▶ _TASK TO CARRY OUT_:
Repeat only the lines between the one with "bright colored sticky" and the end of the material below, both ends included. Omit any picture.

━━━ PROVIDED MATERIAL

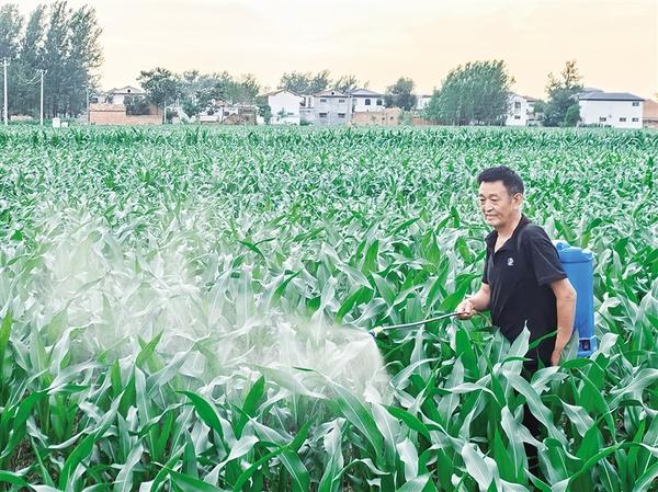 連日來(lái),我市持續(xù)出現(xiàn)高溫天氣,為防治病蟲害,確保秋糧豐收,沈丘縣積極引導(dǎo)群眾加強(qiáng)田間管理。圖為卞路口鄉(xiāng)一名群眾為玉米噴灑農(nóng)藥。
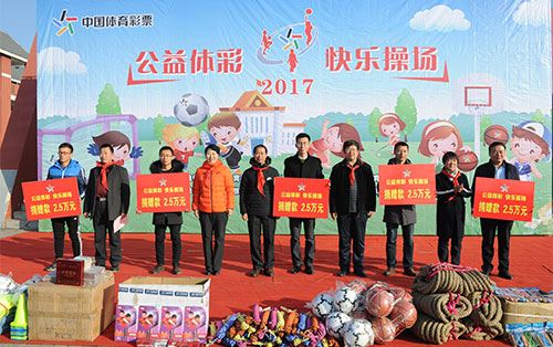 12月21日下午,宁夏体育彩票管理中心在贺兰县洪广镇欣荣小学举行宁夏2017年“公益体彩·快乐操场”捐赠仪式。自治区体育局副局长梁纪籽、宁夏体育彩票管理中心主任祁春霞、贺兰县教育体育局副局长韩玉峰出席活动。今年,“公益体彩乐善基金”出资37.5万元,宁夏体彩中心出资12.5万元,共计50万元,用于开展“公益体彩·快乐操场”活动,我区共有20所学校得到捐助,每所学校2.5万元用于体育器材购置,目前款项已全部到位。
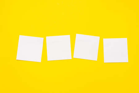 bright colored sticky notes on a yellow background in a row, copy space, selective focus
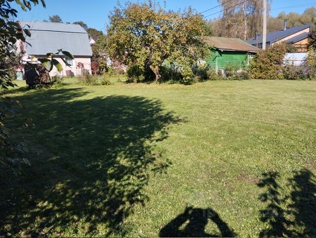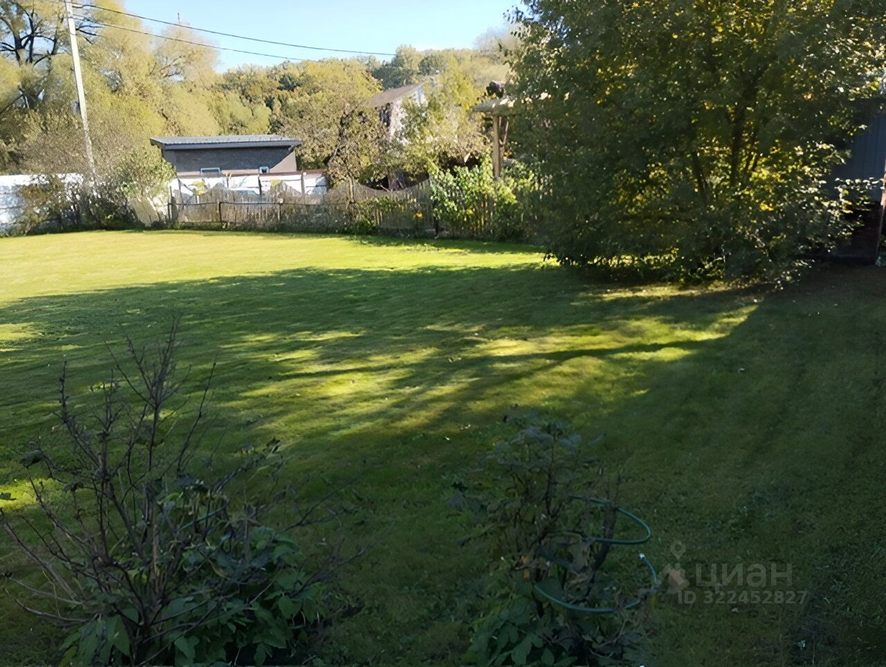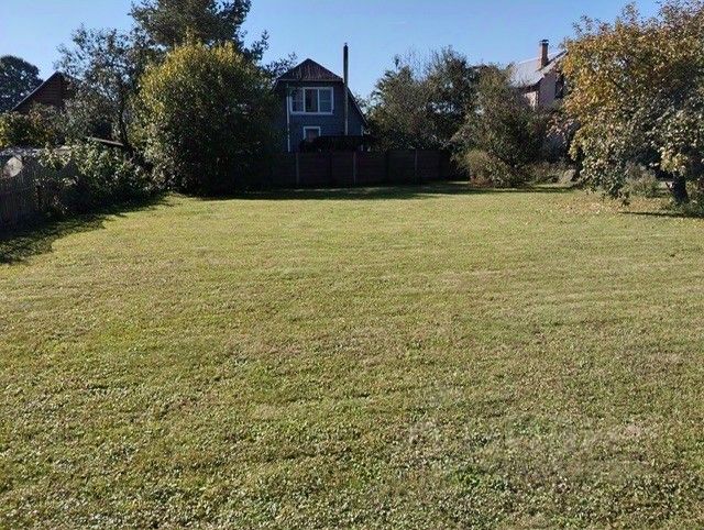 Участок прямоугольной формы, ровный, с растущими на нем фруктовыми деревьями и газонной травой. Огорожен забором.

━━━━━━

▶ _SOLUTION FOR THIS EXERCISE_:
 bright colored sticky notes on a yellow background in a row, copy space, selective focus
 Участок прямоугольной формы, ровный, с растущими на нем фруктовыми деревьями и газонной травой. Огорожен забором.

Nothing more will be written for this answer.